Kulen Elephant Forest is a conservation organization founded in 2018 by David Piot. The reserve is a 400-hectare elephant retirement park which opened in December 2019 and protects the captive Asian elephants in Siem Reap Province in Cambodia, as well as up to 1100 acres of protected forest inhabited by the former elephants of Angkor UNESCO World Heritage site.

== Location ==
KEFs elephants are located in Bos Thom Community Forest in Ballangk commune, Prasat Bakong district, 40 km north from Siem Reap city on National Road 64. Every tour departs from KEF office in downtown Siem Reap where a shuttle will take visitors on a one-hour drive to the Kulen Elephant Forest.

== Activities ==
At the KEF reserve, visitors with no more than 12 people in a group, will spend time learning about elephants and follow them by foot through their natural habitat, observing their relationships and behaviors, as they browse in the forest. The elephants do not take people on rides nor are they required to perform tricks or beg people to buy food for them.

==KEF elephants==
Presently, Kulen Elephant Forest consist of ten elephants, which is the largest herd of private owned elephants in Cambodia. The elephants include, the bull Kham Song and the nine females Chi Chlorb, Chi Mean, Chi Ole, Chi Tone, Chi Youl, Gom Phoy, Iplock, Itok, and Savath, retired to the Bos Thom Community Forest at the foothills of Kulen Mountain in Siem Reap Province.

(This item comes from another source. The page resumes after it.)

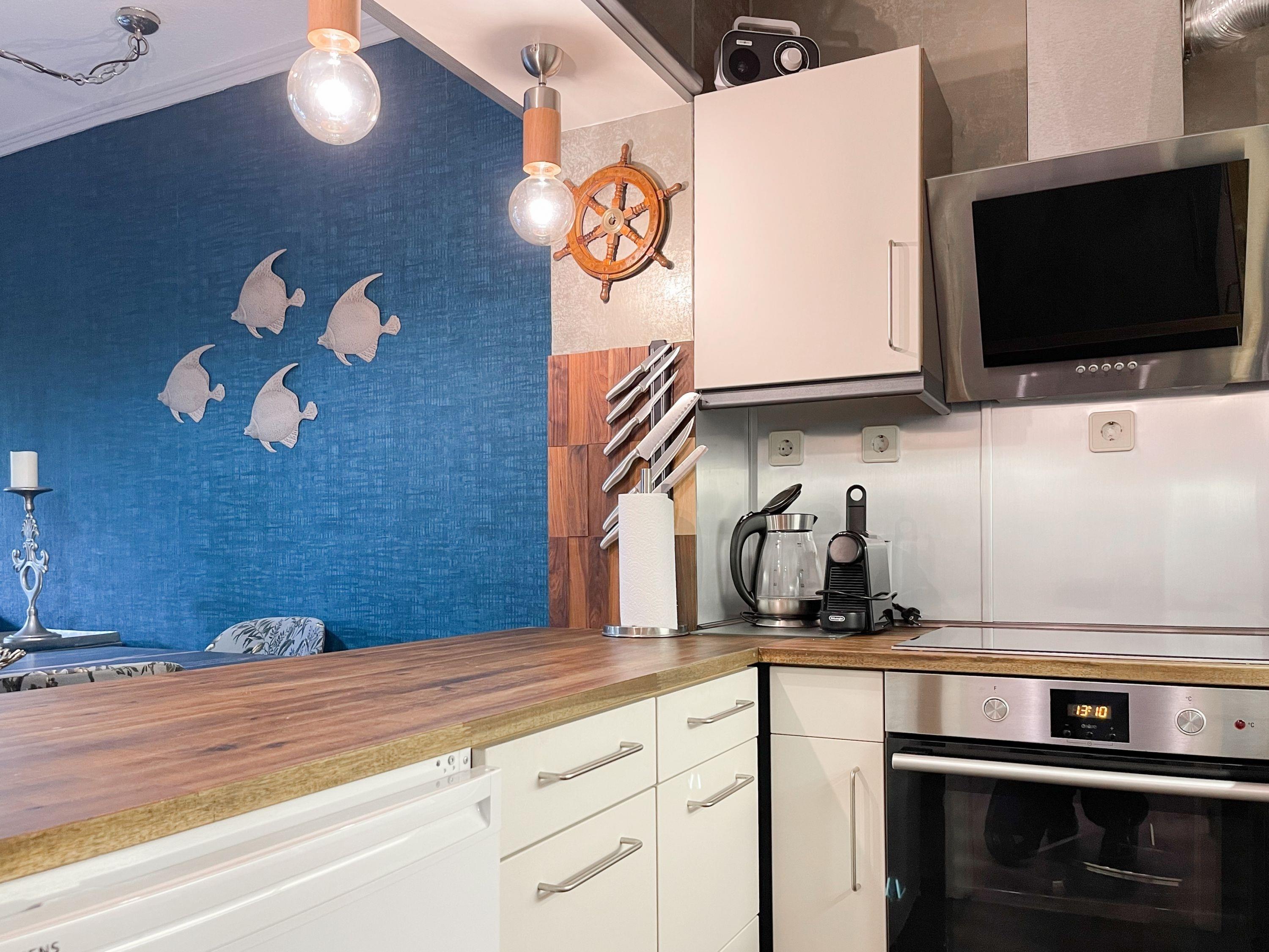 Es erwartet Sie eine gemütlich eingerichtete Ferienwohnung mit ausreichen Raum für 2 Personen, um einen entspannten Urlaub in Strandnähe zu verleben. Highlight ist die riesige, liebevoll bepflanzte Terrasse von 70 qm, die sich über die gesamte Breite der Wohnung erstreckt und mit Gartenmöbeln und einem Strandkorb ausgestattet ist. Ein herrlicher Rückzugsort zu jeder Tageszeit. Der Wohnbereich ist mit einem XL Sofa plus Recamiere und TV ausgestattet, der anschließende Essbereich bietet ausreichend Platz für 4 Personen für gemeinsame Mahlzeiten und gemütliches Beisammensein. Die integrierte Küche ist gut ausgestattet und durch einen Tresen vom Wohnbereich getrennt. Das Schlafzimmer ist mit einem Doppelbett (180x200), einem Kleiderschrank mit ausreichend Stauraum. Die Fenster sind mit vertikal Lamellen versehen, die etwas Licht nehmen, jedoch nicht vollständig verdunkeln. Das Bad verfügt über einen Waschtisch, Föhn, WC und eine Badewanne kombiniert mit einer Dusche.

Eighteen mahouts are working in shifts to care for the elephants and keep them from causing any damage to the local villagers’ fields. KEF elephants and the KEF mahout staff was between April 2019 and December 2024, trained and managed by the Swedish zookeeper and elephant consultant Dan Koehl, being responsible for care and management of KEF elephants and Mahouts as elephant welfare director.

==Accreditation by ACES==
In 2023, KEF became the first elephant facility throughout Cambodia to be awarded ‘Certified Facility’ accreditation from leaders in elephant venue auditing, Asian Captive Elephant Standards (ACES), as part of a program coordinated by Deutsche Gesellschaft für Internationale Zusammenarbeit (GIZ) and the Pacific Asia Travel Association.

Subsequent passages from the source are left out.